%%

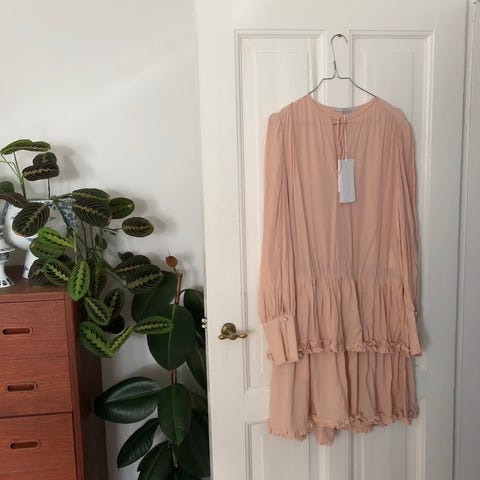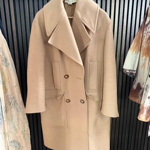Stella McCartney Frakke. Frakken er beige og lavet af lækker blød uld. Den har en klassisk oversize pasform med knapper og lommer. Unik strikker krave og knapper op langs siderne.
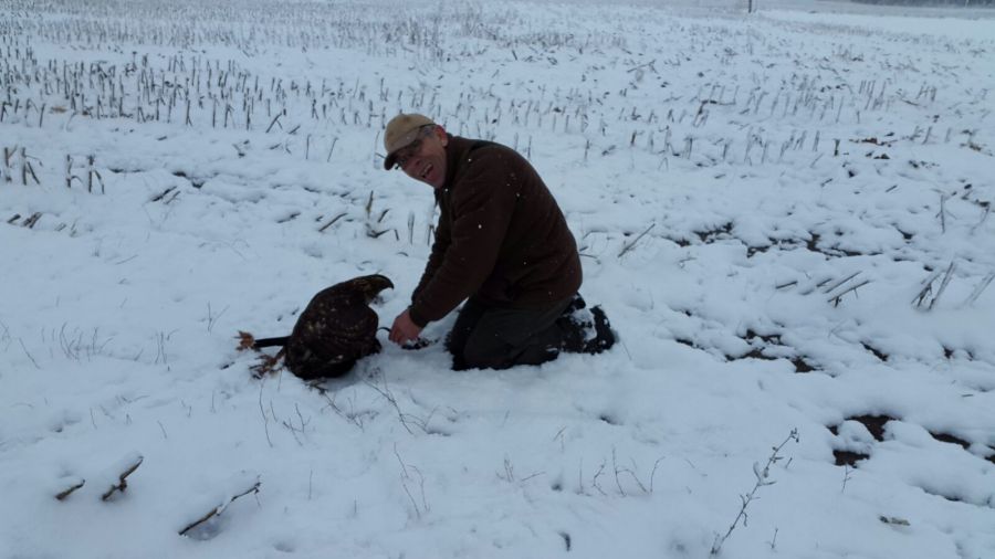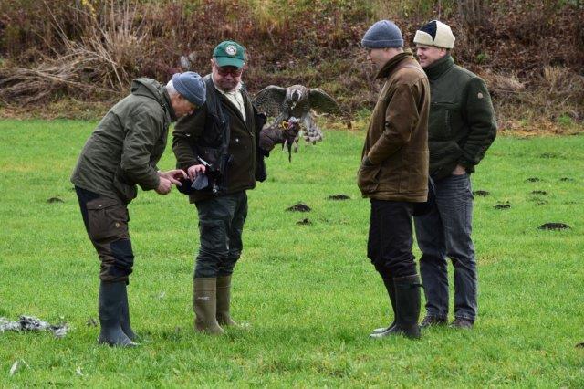 Schließlich waren alle startklar und man konnte in die Reviere ausrücken. Während die Gruppenleiter noch nach guten Chancen für die Falken suchten, hatten die Habichte bereits Erfolg. Allen voran „Brunhilde“ das Habichtsweib von Winfried Hirsch, die allein am ersten Tag mehrere Krähen fing.
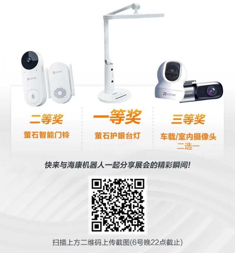 拍抖音,贏大獎!7月3-5日,在抖音上發(fā)布與海康機(jī)器人汽車展相關(guān)的原創(chuàng)視頻,參與話題:#海康機(jī)器人、#汽車制造、#上海汽車裝備展/AMTS,并在7月6號晚22點(diǎn)前掃描二維碼上傳視頻閱讀量截圖,即可領(lǐng)取周邊禮品一份,更有豐富大獎等您來拿!
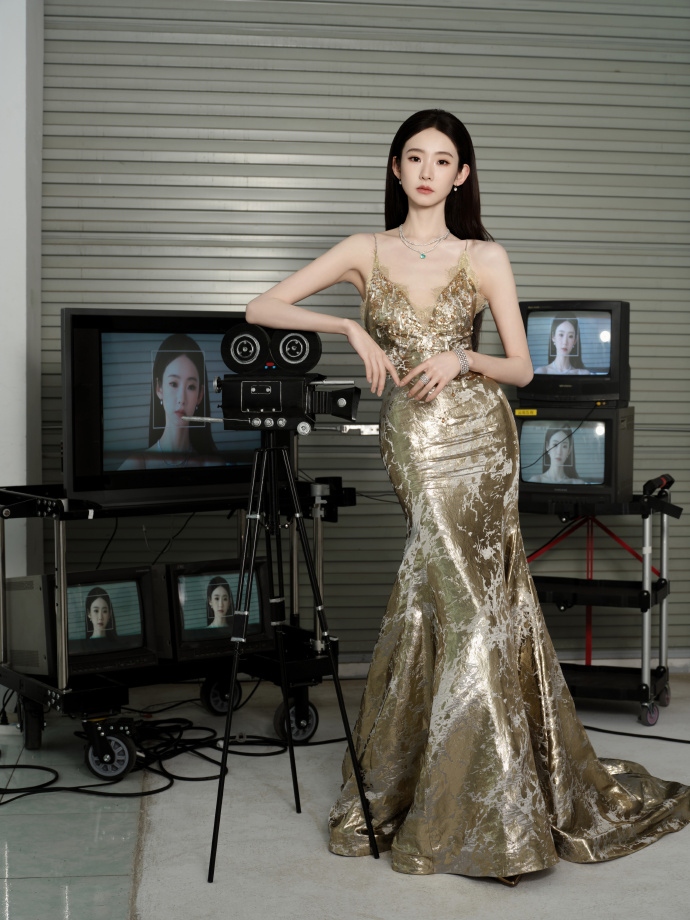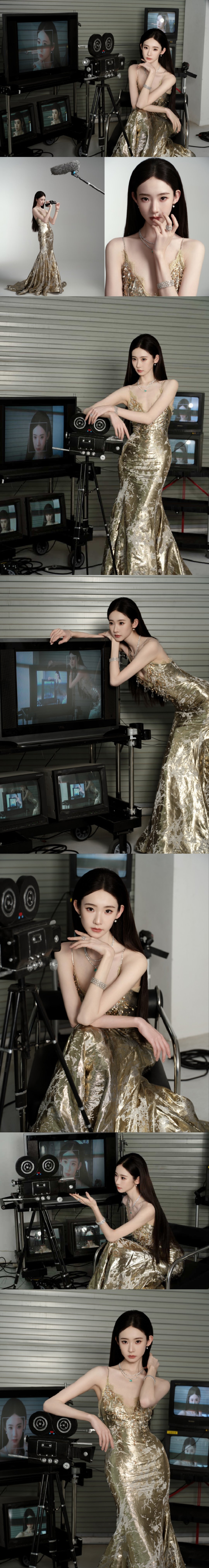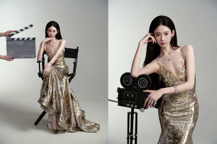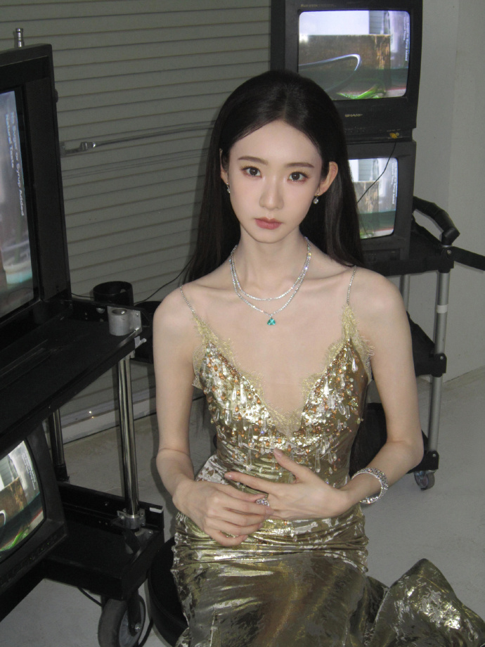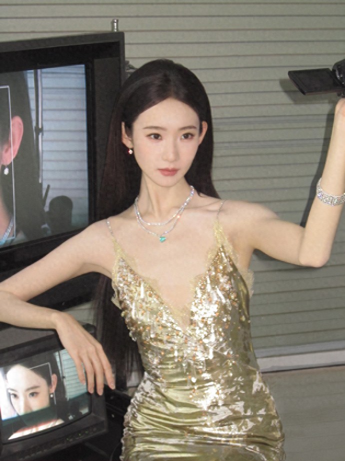 张艺凡穿着金色小吊带裙写真,又飒又酷的黑长直御姐
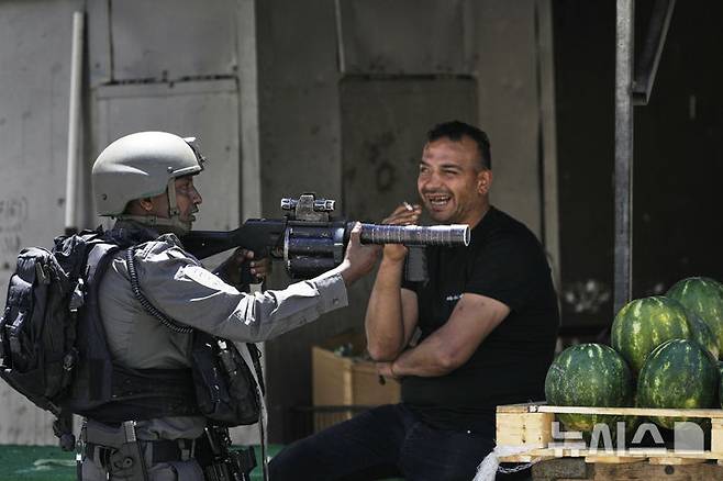 [나블루스=AP/뉴시스] 20일(현지 시간) 요르단강 서안지구 나블루스 인근 아스카르 난민캠프에서 이스라엘군의 기습 작전이 벌어진 가운데, 한 이스라엘 국경 경찰이 수박 노점 옆에 자리를 잡고 있다. 2025.05.21.
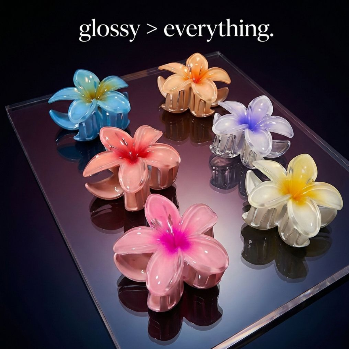 The Glossy Korean Gradient Claw Clip is a sleek and stylish accessory that adds a soft pop of color to your everyday hairstyles πŸ’•
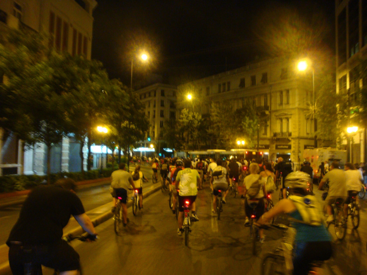 Όπως κάθε φορά, έτσι και την Παρασκευή 22 Ιουλίου η πλατεία ήταν γεμάτη με ποδηλάτες. Ανάμεσά τους και η αφεντιά μου, παρέα με το δίτροχο σύντροφό μου. “Ο ψηλός με το σπαστό”, όπως με φωνάζουν τα παιδιά στο gocar. Στις 10 ακριβώς ξεκινήσαμε για τη μεγάλη νύχτα, με πρώτο προορισμός την πλατεία Γλυφάδας. Πρώτα τα εύκολα δηλαδή, καθώς η διαδρομή είναι κυρίως κατηφορική και οι δρόμοι αρκετά φαρδιοί για να χωρέσουν τα περίπου 2.500 με 3.000 ποδήλατα που ξεκινήσαμε. Οποιαδήποτε άλλη μέρα και ώρα, απλά δεν θα μπορούσες να περάσεις από τις Βουλιαγμένης και Ποσειδώνος. Το βράδυ εκείνο όμως μπορούσες να απολάυσεις τους δόμους χωρίς καυσαέριο και θόρυβο. Διόρθωση: θόρυβος υπήρχε, αλλά ευχάριστος, ειδικά κάτω από τις γέφυρες όπου οι φωνές, τα κουδουνίσματα και οι κόρνες έσπαγαν την ησυχία της νύχτας.
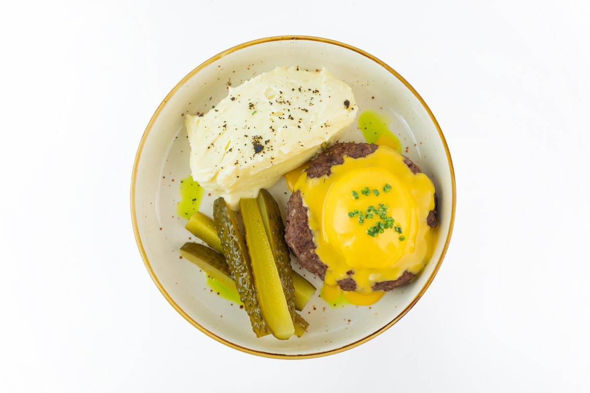 Говяжий бифштекс с яйцом пашот, голландским соусом, солеными огурцами и картофельным пюре
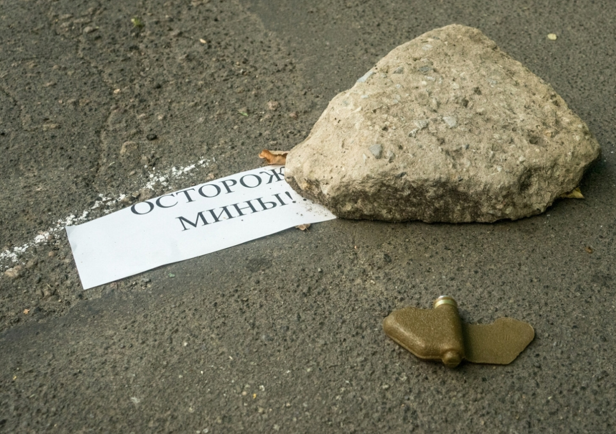 Осторожно, мины. <...> Найди мину «Лепесток» на рисунке. Раскрась ее и зачеркни красным цветом. Определи, какую ошибку допустил художник, изображая лето, — гласит одно из заданий.

%%

**Problem requirements**
Print the lines from the line containing "Говяжий бифштекс с" through the last line of the listing, exactly as they stand, and leave any pictures out.

**Solution to the problem**
 Говяжий бифштекс с яйцом пашот, голландским соусом, солеными огурцами и картофельным пюре
 Осторожно, мины. <...> Найди мину «Лепесток» на рисунке. Раскрась ее и зачеркни красным цветом. Определи, какую ошибку допустил художник, изображая лето, — гласит одно из заданий.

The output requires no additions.